[Opening Dataset content section]

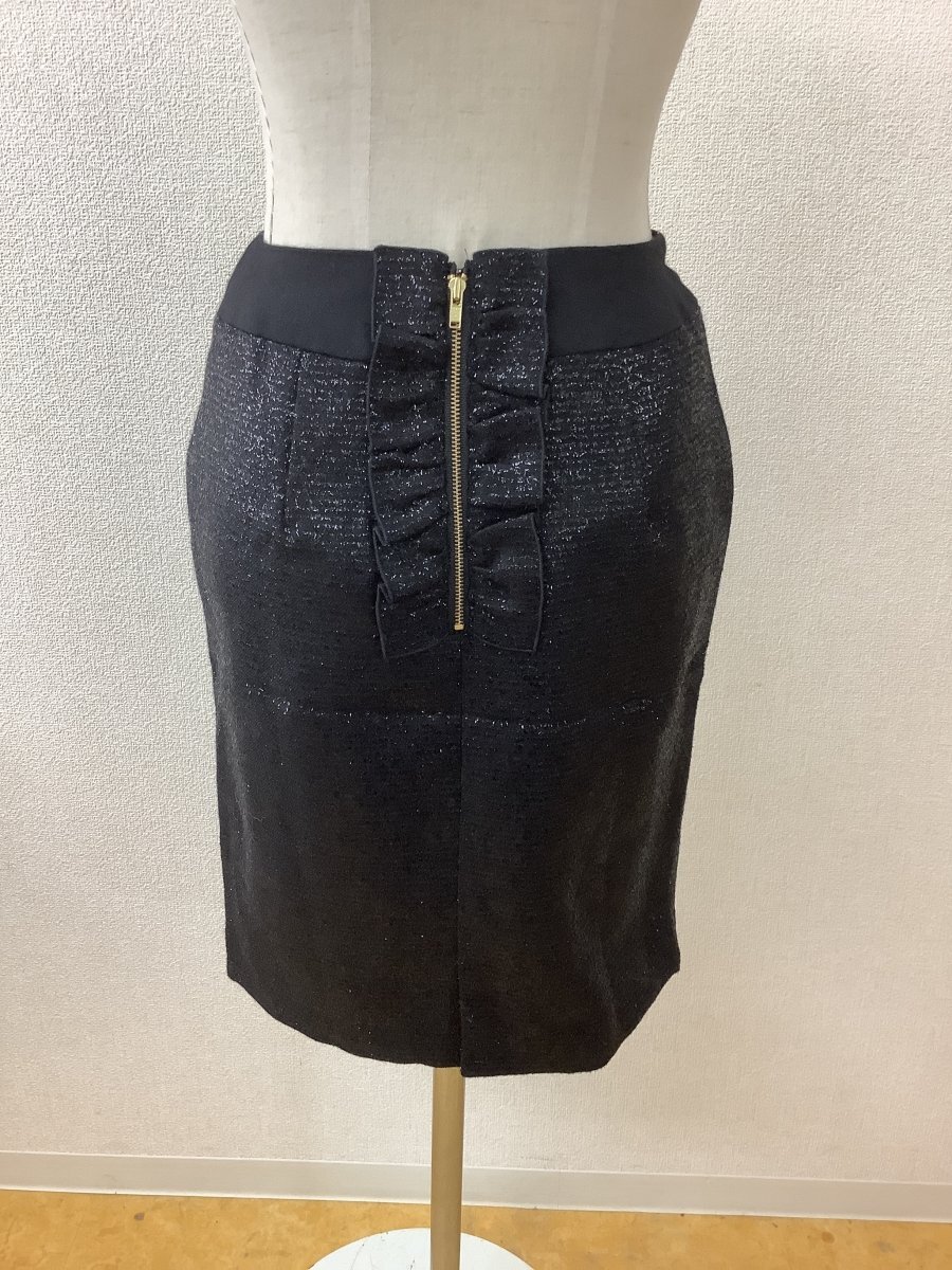 | 管理番号:10^137810 クリアインプレッション CLEAR IMPRESSION 黒にキラキラボーダースカート 後ろフリル 表示サイズ:1 実寸(参考)
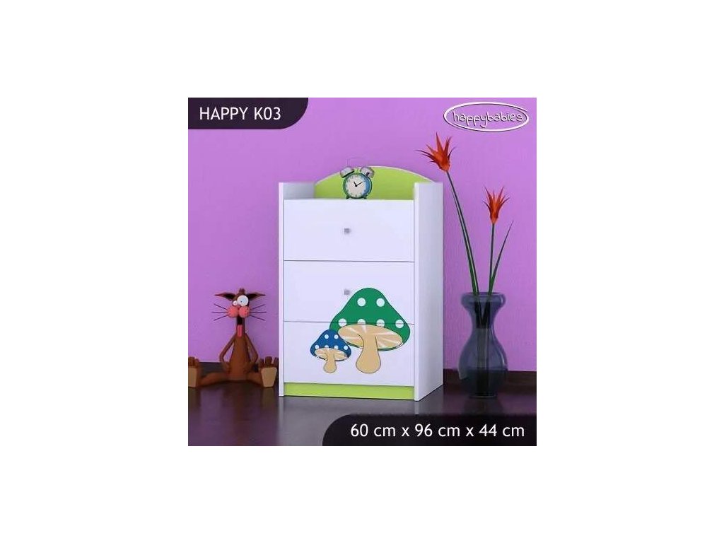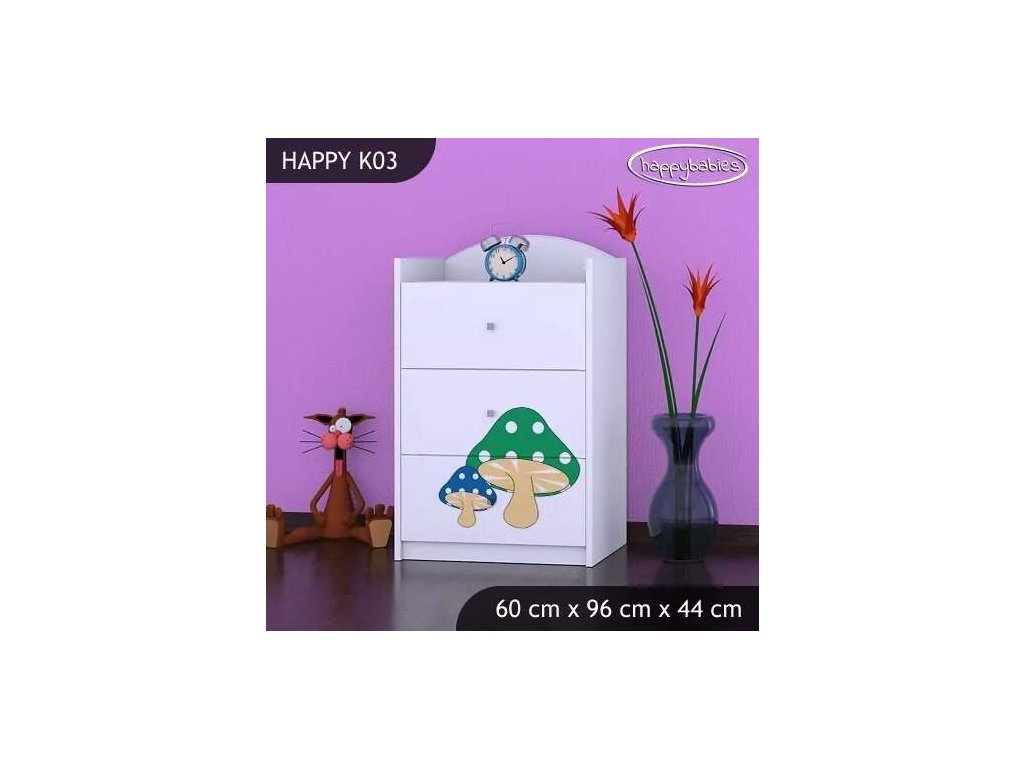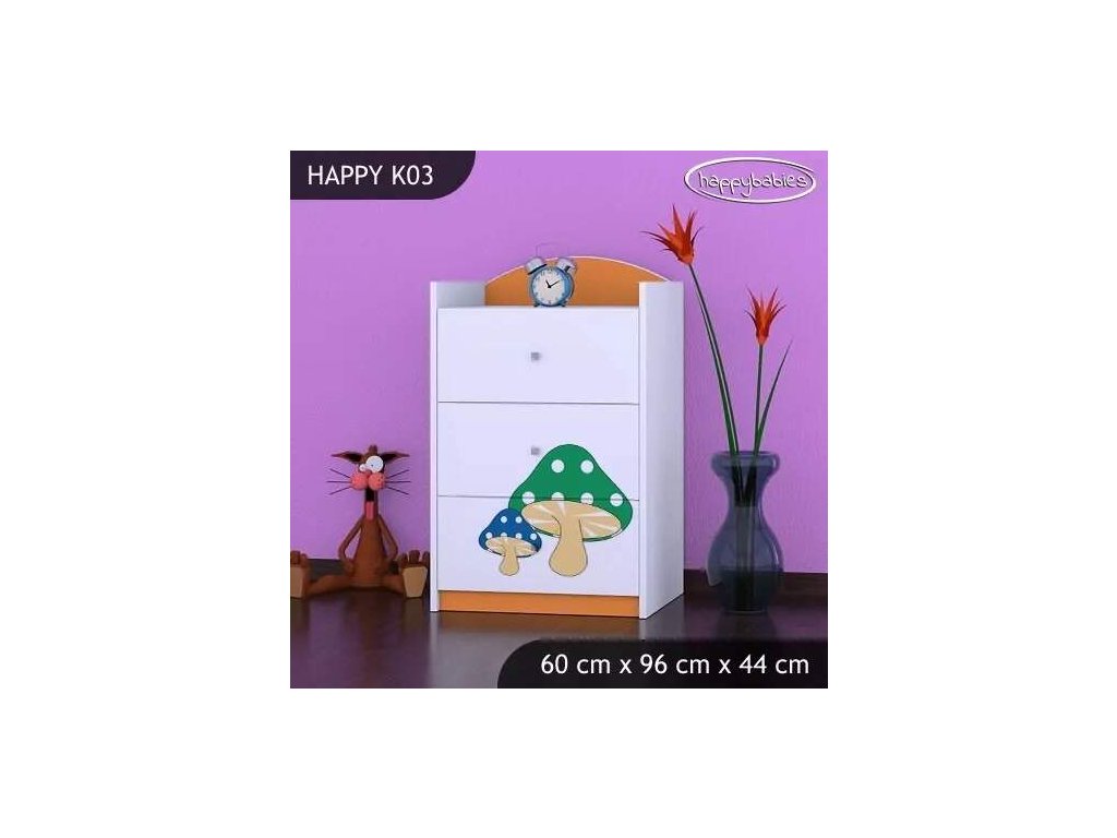 Dětské komody patří k základní výbavě každého pokojíčku. Komody jsou velmi praktické a můžeme je použít jak na oblečení pro děti, tak na hračky nebo knížky. Komoda obsahuje 3 šuplíky. Materiál: lamino 18 mm Barva: růžová, bílá, kaštan wenge, kalvados, buk, hruška, zelená, modrá, oranžová Rozměr: 60 cm x 96 cm x 44 cm Ve stejném motivu si můžete zakoupit také skříň, regál, knihovnu, psací stůl, noční stolek, box na hračky nebo poličku.Buďte první, kdo napíše příspěvek k této položce.
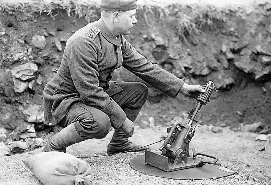 Делали бомбомёты, у которых мина была больше, чем ствол, и делали бомбомёты, у которых мина вкладывалась в этот самый ствол. Они потом переродились в миномёты. Стреляли эти штуки бомбами, да гранатами только вначале, а потом и в этом деле наступил плюрализм. Сделали мины, снаряжённые отравляющими веществами:
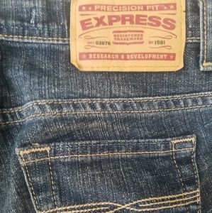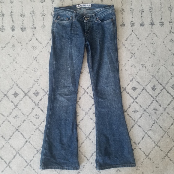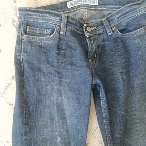 Express stretch bootcut Jeans. Size 4 regular length. Some distressing and wear, shown in photographs. Used condition is reflected in the price.
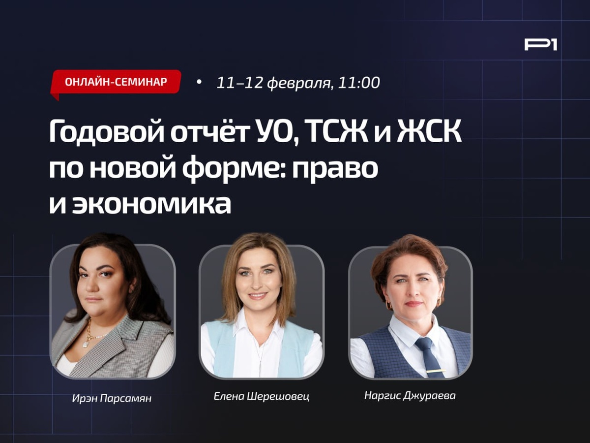 11 февраля в 11:00 начинаем онлайн-семинар «Годовой отчёт УО, ТСЖ и ЖСК по новой форме: право и экономика» с Ирэн Парсамян, Еленой Шерешовец и Наргис Джураевой. ➡️ В потоке уже более ста участников – и это без учёта членов Ассоциации «Р1», для которых участие бесплатное. ❎ Почему мы закрываем набор? Формат вебинара – двухдневный интенсив. Это не лекция, а разбор темы с живыми ответами экспертов на вопросы участников. Время ограничено, поэтому мы фиксируем количество мест заранее, чтобы каждый получил максимум пользы. ❗️С 2026 года годовой отчёт – зона повышенных рисков. Ошибка в подготовке легко превращается в цепочку: вопросы собственников → жалоба → проверка → предписание → перерасчёты и суды. ✅ Разберитесь в логике новой формы заранее. Не рискуйте репутацией своей организации. 📎 Забрать последние места на интенсиве #Ассоциация_Р1
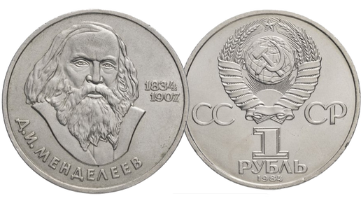 Монета 1 рубль 150 лет со дня рождения Д. И. Менделеева.
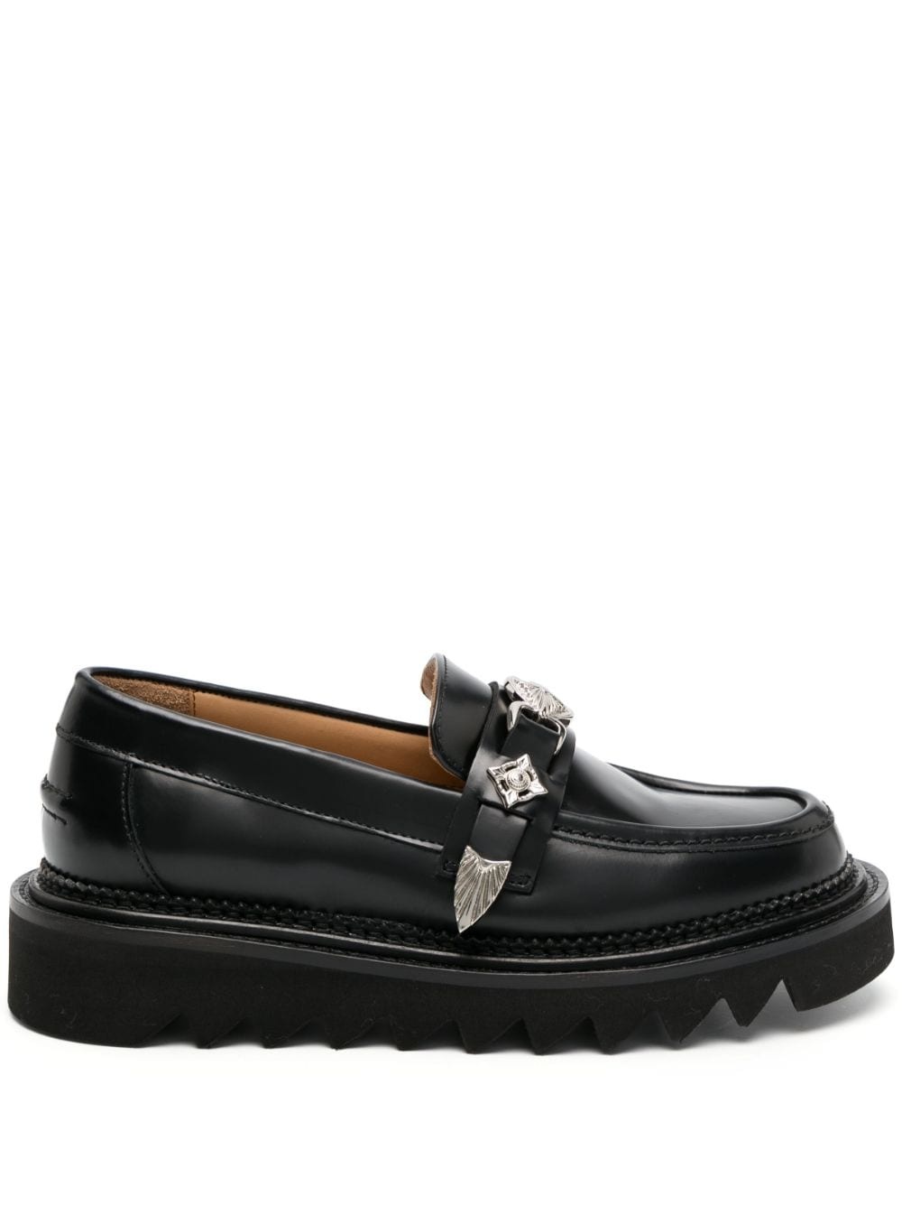 stud-embellished leather loafers Highlights - Black - Calf leather - Patent finish - Silver-tone stud embellishment - Round toe - Slip-on style - Branded footbed - Rubber lug sole Imported Composition Leather 100% SIZE & FIT Measurement HEEL 1.77 in(4.5 cm) Sole height 1.37 in(3.5 cm)
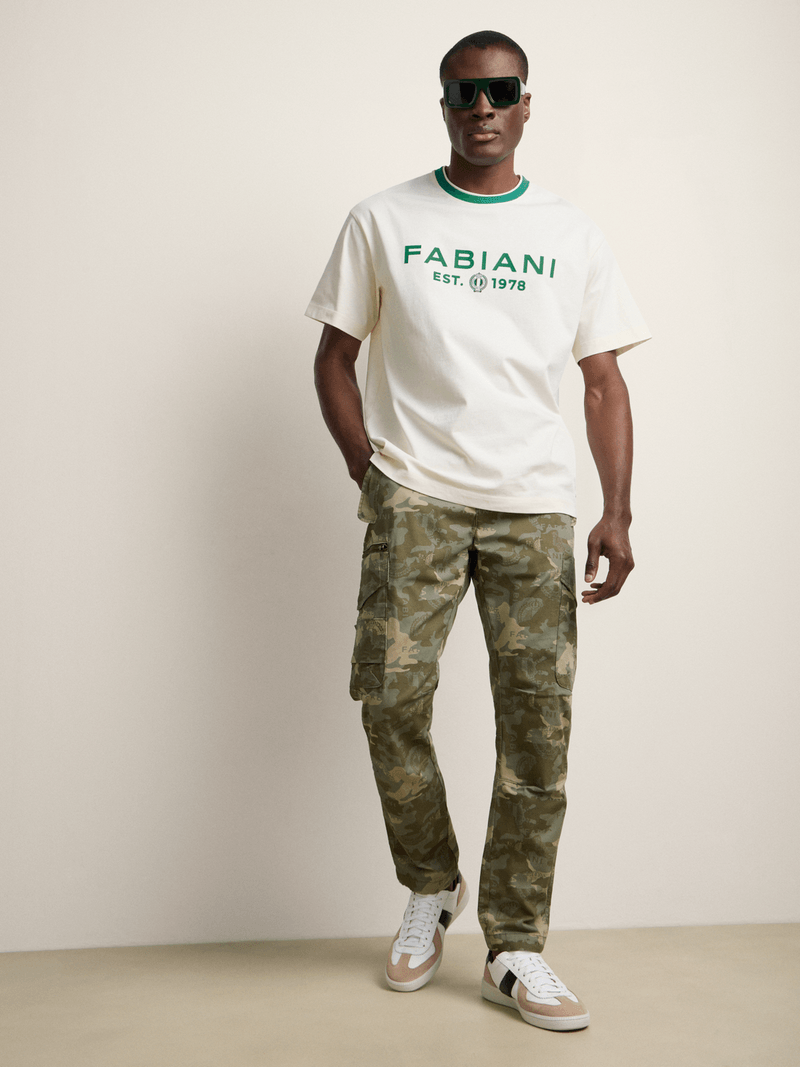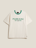 Understated and refined, the Fabiani Men's Natural Cream Neckline With Green Logo T-Shirt elevates everyday style through thoughtful detail. Crafted from premium soft-touch cotton, it features a clean neckline accented by a subtle green Fabiani logo for a fresh, modern contrast. The natural cream tone and tailored fit create a polished, versatile look—perfect for the man who values quiet luxury and contemporary elegance.
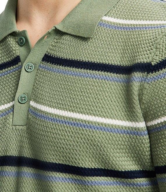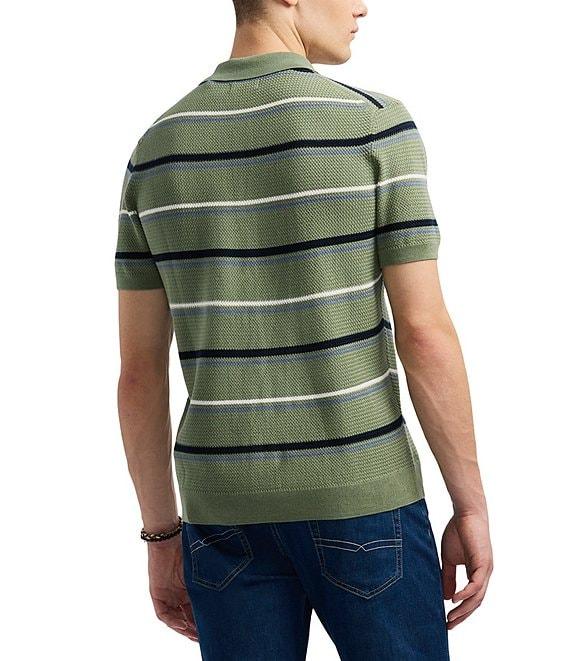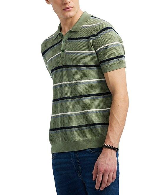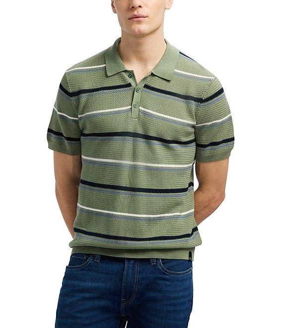 From Buffalo David Bitton, this shirt features: Striped pattern Polo collar Short sleeves Relaxed shoulders 3-button placket Regular fit with generous mid section Timeless classic with a touch of versatility Relaxed silhouette that exudes effortless charm Sweater knit cotton Machine wash/tumble dry Imported.

[Closing Dataset content section]

- [Exercise description]: Send back every record exactly as it stands, except the pictures.

- [Exercise result]:
 | 管理番号:10^137810 クリアインプレッション CLEAR IMPRESSION 黒にキラキラボーダースカート 後ろフリル 表示サイズ:1 実寸(参考)
 Dětské komody patří k základní výbavě každého pokojíčku. Komody jsou velmi praktické a můžeme je použít jak na oblečení pro děti, tak na hračky nebo knížky. Komoda obsahuje 3 šuplíky. Materiál: lamino 18 mm Barva: růžová, bílá, kaštan wenge, kalvados, buk, hruška, zelená, modrá, oranžová Rozměr: 60 cm x 96 cm x 44 cm Ve stejném motivu si můžete zakoupit také skříň, regál, knihovnu, psací stůl, noční stolek, box na hračky nebo poličku.Buďte první, kdo napíše příspěvek k této položce.
 Делали бомбомёты, у которых мина была больше, чем ствол, и делали бомбомёты, у которых мина вкладывалась в этот самый ствол. Они потом переродились в миномёты. Стреляли эти штуки бомбами, да гранатами только вначале, а потом и в этом деле наступил плюрализм. Сделали мины, снаряжённые отравляющими веществами:
 Express stretch bootcut Jeans. Size 4 regular length. Some distressing and wear, shown in photographs. Used condition is reflected in the price.
 11 февраля в 11:00 начинаем онлайн-семинар «Годовой отчёт УО, ТСЖ и ЖСК по новой форме: право и экономика» с Ирэн Парсамян, Еленой Шерешовец и Наргис Джураевой. ➡️ В потоке уже более ста участников – и это без учёта членов Ассоциации «Р1», для которых участие бесплатное. ❎ Почему мы закрываем набор? Формат вебинара – двухдневный интенсив. Это не лекция, а разбор темы с живыми ответами экспертов на вопросы участников. Время ограничено, поэтому мы фиксируем количество мест заранее, чтобы каждый получил максимум пользы. ❗️С 2026 года годовой отчёт – зона повышенных рисков. Ошибка в подготовке легко превращается в цепочку: вопросы собственников → жалоба → проверка → предписание → перерасчёты и суды. ✅ Разберитесь в логике новой формы заранее. Не рискуйте репутацией своей организации. 📎 Забрать последние места на интенсиве #Ассоциация_Р1
 Монета 1 рубль 150 лет со дня рождения Д. И. Менделеева.
 stud-embellished leather loafers Highlights - Black - Calf leather - Patent finish - Silver-tone stud embellishment - Round toe - Slip-on style - Branded footbed - Rubber lug sole Imported Composition Leather 100% SIZE & FIT Measurement HEEL 1.77 in(4.5 cm) Sole height 1.37 in(3.5 cm)
 Understated and refined, the Fabiani Men's Natural Cream Neckline With Green Logo T-Shirt elevates everyday style through thoughtful detail. Crafted from premium soft-touch cotton, it features a clean neckline accented by a subtle green Fabiani logo for a fresh, modern contrast. The natural cream tone and tailored fit create a polished, versatile look—perfect for the man who values quiet luxury and contemporary elegance.
 From Buffalo David Bitton, this shirt features: Striped pattern Polo collar Short sleeves Relaxed shoulders 3-button placket Regular fit with generous mid section Timeless classic with a touch of versatility Relaxed silhouette that exudes effortless charm Sweater knit cotton Machine wash/tumble dry Imported.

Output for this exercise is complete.